HERMES—the god came to the end of the long concrete flight of stairs that lead down to the opening of the underworld. He had not visited the realm of his older brother in seven human generations, and he was glad he would not have to see his brother today. There were rumors that Hades had gone mad long ago. Instead Hermes had left Olympus to call on a creature who, in her way, was every bit as frightening as Hades, and indeed much older and therefore perhaps more dangerous. A fetid damp wind stirred at the bottom of the long stairway, and the heaviness of the quiet was unnatural. Strange and twisted creatures were known to prowl these corridors that lay at the outskirts of the netherworld. Although he was immortal, Hermes felt fear. It had been such a long time since he had experienced this emotion, and a furtive smile twisted his lips into a grin for a moment. Once I was a hero, he thought, and now I am merely a messenger.
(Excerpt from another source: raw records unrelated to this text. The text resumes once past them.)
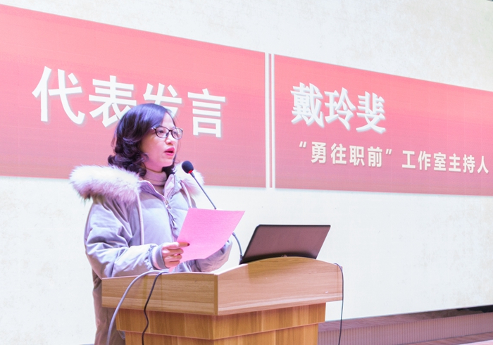 授牌仪式上,张梅芬宣读了《关于设立台州学院首批“辅导员工作室”的通知》。首批设立的辅导员工作室共有5个,分别是李金花主持的“商学商习”辅导员工作室,戴玲斐主持的“勇往职前”辅导员工作室,冯荣主持的“扬长心路”辅导员工作室,高晗雯主持的“明德树人”辅导员工作室,刘贵花主持的“青春守望者”辅导员工作室。辅导员工作室代表戴玲斐进行了表态发言。
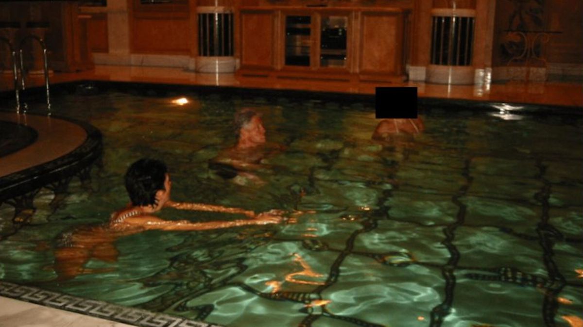 Bill Clinton a Ghislaine Maxwellová v bazénu. Na snímku je i další neznámá žena, jejíž obličej vyšetřovatelé z důvodu ochrany začernili.
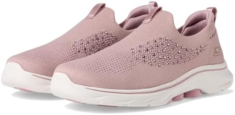 Experience premium comfort with these running shoes for women from Skechers. The GO WALK 7 Blink sneakers combine style and functionality with their engineered knit upper featuring eye-catching rhinestone embellishments. These womens sneakers offer exceptional comfort with Air-Cooled Goga Mat insole and Ultra GO cushioning. The Stretch Fit design provides sock-like comfort while the dual-density traction outsole ensures stability during your walks.

He found the passageway he was seeking. This far underground, whatever agents of repair that had been programmed to service these tunnels had ceased to function a century ago and it was as dark as the grave. He could feel a slimy cold radiating from a pool of water there in the darkness, and he heard something splash into the chill waters at the sound of his approaching footsteps. Hermes lifted his caduceus. “Light,” he muttered, and the staff bathed the cavern in a pale yellow-gold. He was standing on the brink of a large underground pool, the waters choppy and deep; beneath its surface blind eels, long, thin, and gray, like living ropes, swam in twisting swarms, sensing each other’s movements in the water. They had long ago lost all usage of their eyes down here in the darkness . . . what could they feed upon besides each other? Hermes shuddered. In the middle of the small lake a rotting wooden boat bobbed all by itself, with no passenger or pilot, nor anchor or tether. It seemed the gorgon had long ago given up all pretense at receiving visitors in a civilized fashion. Not surprising, since it’s not like we seek her services often, Hermes thought. Across the pond a waterfall as wide as a road and as thin as a sheet flowed down a steeply terraced slope of crumbling black stone. Who could say, this far underneath the roots of the world tree, whether the embankment was made by man or by nature?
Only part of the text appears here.